Marketing myopia is when a company lacks insight on the consumer’s needs and wants
while focuses more on the company’s needs and short-term growth strategies. It is very
dangerous because customers are becoming dissatisfied with an aspect of the product or
service. Over time, reviews on the product will turn negative until it will be harder to
acquire new customers. And the worst is, the business will get worse and eventually fails.
Nothing is constant but change. So, as we are changing, the needs and wants of customers
are also evolving.
2. Give common examples of marketing tools?
 Frequency Marketing. It refers to a type of long-term consumer sales program
that aims to encourage repeat sales by rewarding customers on buy frequently or
on regular basis wherein rewards may vary but may include discounts and
merchandise prizes. The main goals are actually to repeat sales and customer
loyalty. For example, is the airline companies. They offer a frequent flier program
to encourage customer loyalty just like the “Piso Fare of Cebu Pacific Airlines”.
 Customer Engagement Marketing. This type of marketing tools focuses on
increasing the engagement of customers with the brand by delivering personalized
messages across preferred channels. One example is by simply sending
personalized email or SMS that addresses the customer by name, recommends
products related to a previous purchase and then link to content about how to
install or maintain a product. Another example is by linking to a content not
directly tied to the product the customer bought, like thought leadership post on a
related topic or blog about charity or cause that a brand supports.

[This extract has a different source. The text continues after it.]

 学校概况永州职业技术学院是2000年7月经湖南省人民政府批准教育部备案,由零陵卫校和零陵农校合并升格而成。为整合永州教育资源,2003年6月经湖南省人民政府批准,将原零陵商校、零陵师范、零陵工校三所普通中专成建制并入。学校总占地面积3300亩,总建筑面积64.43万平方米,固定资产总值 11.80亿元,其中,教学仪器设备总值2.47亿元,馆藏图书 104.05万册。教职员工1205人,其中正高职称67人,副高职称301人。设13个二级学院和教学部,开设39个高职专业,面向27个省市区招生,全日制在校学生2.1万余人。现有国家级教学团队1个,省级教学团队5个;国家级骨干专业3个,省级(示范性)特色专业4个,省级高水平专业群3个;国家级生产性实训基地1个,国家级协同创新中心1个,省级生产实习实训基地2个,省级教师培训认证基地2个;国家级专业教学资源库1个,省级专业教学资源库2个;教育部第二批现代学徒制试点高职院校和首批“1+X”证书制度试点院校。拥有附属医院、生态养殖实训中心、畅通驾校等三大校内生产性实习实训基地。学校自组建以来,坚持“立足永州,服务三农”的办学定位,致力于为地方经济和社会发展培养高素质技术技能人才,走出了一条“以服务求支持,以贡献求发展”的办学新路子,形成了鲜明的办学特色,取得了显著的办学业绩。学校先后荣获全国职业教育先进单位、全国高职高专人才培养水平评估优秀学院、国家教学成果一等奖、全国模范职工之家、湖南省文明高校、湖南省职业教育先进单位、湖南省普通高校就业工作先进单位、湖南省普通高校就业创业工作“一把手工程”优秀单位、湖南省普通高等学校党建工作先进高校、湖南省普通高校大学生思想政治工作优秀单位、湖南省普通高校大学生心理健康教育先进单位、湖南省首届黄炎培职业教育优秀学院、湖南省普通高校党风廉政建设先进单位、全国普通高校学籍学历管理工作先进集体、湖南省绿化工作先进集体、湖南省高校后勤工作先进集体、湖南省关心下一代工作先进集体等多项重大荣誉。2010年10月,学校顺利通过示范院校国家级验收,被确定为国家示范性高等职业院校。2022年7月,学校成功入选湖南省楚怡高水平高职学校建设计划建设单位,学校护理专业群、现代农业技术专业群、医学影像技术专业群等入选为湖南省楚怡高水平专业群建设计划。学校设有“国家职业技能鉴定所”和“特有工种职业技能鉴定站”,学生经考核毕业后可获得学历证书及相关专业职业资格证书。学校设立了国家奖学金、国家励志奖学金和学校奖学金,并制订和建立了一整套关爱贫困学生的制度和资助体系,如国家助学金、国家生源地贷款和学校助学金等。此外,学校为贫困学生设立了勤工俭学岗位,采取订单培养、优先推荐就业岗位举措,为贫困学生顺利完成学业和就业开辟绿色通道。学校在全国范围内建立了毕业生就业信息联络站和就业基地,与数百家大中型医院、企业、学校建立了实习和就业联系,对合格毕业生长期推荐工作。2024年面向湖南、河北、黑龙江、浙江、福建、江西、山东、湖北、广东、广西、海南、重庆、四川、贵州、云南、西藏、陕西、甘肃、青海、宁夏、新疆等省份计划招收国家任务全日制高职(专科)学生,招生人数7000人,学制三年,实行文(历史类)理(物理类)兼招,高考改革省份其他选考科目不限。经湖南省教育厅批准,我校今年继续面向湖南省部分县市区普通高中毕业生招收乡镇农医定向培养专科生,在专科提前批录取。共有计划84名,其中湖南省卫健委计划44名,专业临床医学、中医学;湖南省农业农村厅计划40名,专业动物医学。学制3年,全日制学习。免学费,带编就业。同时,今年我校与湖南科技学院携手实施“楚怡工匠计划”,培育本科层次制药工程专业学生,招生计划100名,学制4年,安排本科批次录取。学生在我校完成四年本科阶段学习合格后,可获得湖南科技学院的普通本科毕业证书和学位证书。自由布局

 Consumer Generated Marketing. It is an inexpensive and affordable marketing
strategy where companies seek ad content from consumers to increase their
customer bases and cultivate relationships with past customers. There are many
ways actually on how to market it and one example is sharing customers’ content
to promote events.
 Partner Relationship Management. It is a term that is used to describe the
methodology and strategies for improving relationship between a company and its
channel partners or suppliers. An example of this is creating a shared partnership
vision and roadmap. This will help in preventing unexpected surprises that the
company may experience.
3. What do you mean by share of customer?
It is defined as the share the company gets out of the customer’s purchasing their
offerings. Focusing on the share of customer helps in increasing retention. If someone is
happy to buy more from a company, it’s likely that customers will be more loyal. Better
retention means better customer lifetime value.